Source information:
--- START ---

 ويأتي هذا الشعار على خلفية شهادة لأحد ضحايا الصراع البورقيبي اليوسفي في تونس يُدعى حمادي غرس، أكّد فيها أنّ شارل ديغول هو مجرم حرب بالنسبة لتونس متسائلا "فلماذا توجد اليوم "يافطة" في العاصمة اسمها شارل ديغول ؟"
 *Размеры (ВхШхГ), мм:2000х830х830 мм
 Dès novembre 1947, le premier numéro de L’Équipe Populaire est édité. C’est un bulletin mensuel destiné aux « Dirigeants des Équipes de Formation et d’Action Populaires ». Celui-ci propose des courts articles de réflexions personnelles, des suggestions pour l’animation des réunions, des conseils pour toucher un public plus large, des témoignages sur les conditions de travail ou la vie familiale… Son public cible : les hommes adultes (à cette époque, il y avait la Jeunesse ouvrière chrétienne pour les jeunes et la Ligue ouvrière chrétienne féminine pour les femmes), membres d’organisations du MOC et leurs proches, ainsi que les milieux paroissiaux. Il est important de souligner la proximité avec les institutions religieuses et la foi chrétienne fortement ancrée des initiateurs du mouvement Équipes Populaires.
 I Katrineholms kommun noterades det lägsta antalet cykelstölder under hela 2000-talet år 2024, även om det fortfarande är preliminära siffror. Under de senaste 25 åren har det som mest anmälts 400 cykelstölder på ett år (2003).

--- END ---
--- START ---

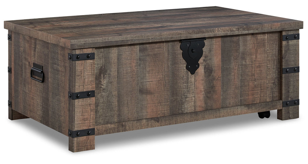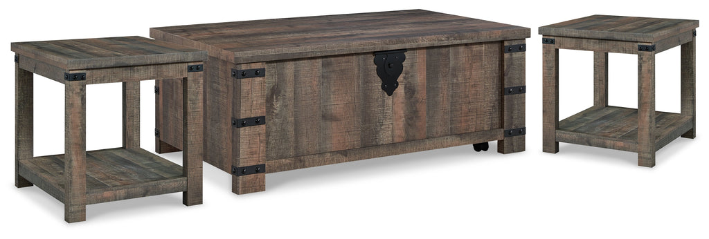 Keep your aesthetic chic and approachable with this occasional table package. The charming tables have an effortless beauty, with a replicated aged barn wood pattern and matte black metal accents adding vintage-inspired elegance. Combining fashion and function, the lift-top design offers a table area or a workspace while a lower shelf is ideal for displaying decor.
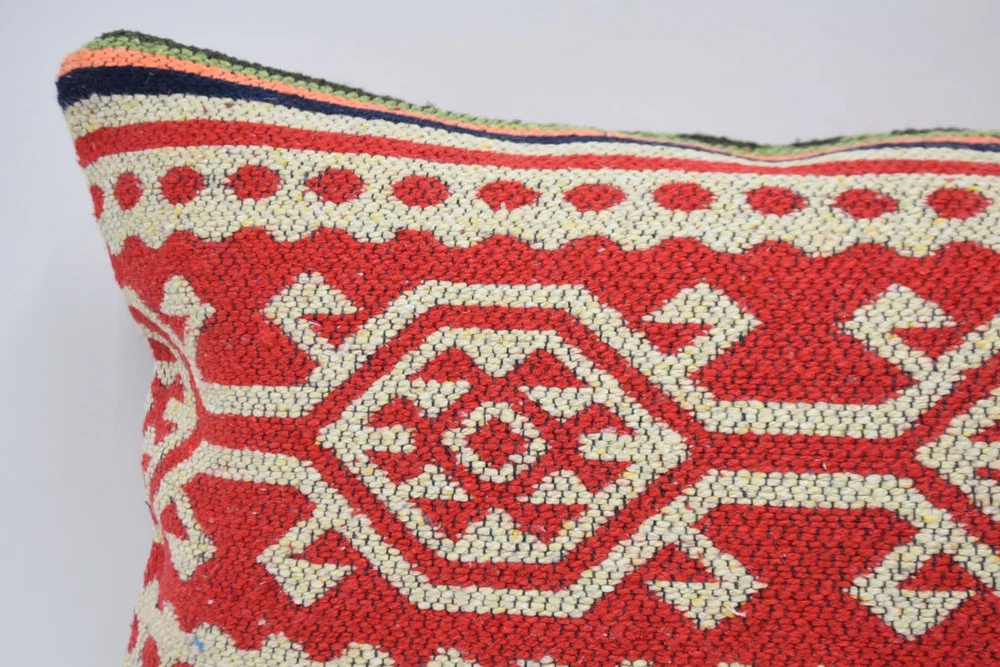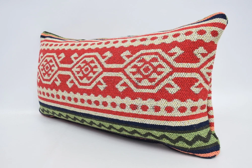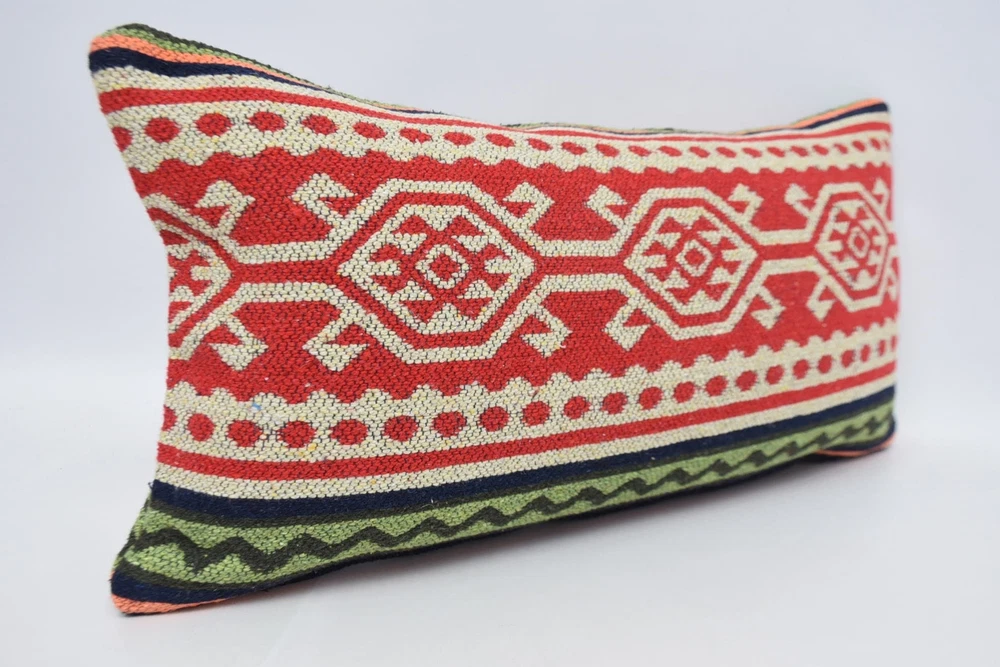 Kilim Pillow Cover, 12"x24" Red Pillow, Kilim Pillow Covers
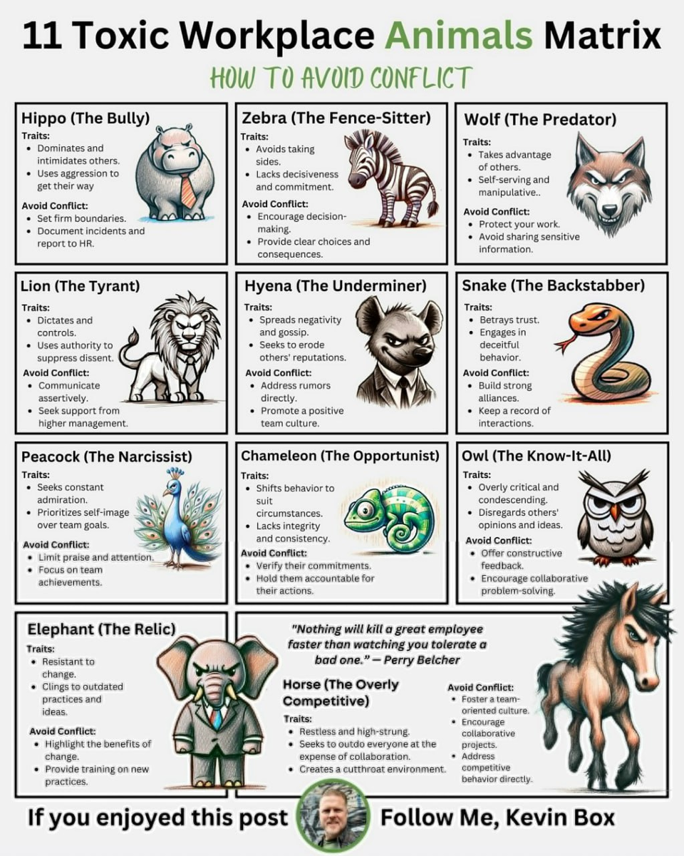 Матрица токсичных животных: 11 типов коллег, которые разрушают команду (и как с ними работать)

--- END ---

Return, with no change at all, every line in the entries above from the line containing "(ВхШхГ), мм:2000х830х830 мм" through the line containing "I Katrineholms kommun".

 *Размеры (ВхШхГ), мм:2000х830х830 мм
 Dès novembre 1947, le premier numéro de L’Équipe Populaire est édité. C’est un bulletin mensuel destiné aux « Dirigeants des Équipes de Formation et d’Action Populaires ». Celui-ci propose des courts articles de réflexions personnelles, des suggestions pour l’animation des réunions, des conseils pour toucher un public plus large, des témoignages sur les conditions de travail ou la vie familiale… Son public cible : les hommes adultes (à cette époque, il y avait la Jeunesse ouvrière chrétienne pour les jeunes et la Ligue ouvrière chrétienne féminine pour les femmes), membres d’organisations du MOC et leurs proches, ainsi que les milieux paroissiaux. Il est important de souligner la proximité avec les institutions religieuses et la foi chrétienne fortement ancrée des initiateurs du mouvement Équipes Populaires.
 I Katrineholms kommun noterades det lägsta antalet cykelstölder under hela 2000-talet år 2024, även om det fortfarande är preliminära siffror. Under de senaste 25 åren har det som mest anmälts 400 cykelstölder på ett år (2003).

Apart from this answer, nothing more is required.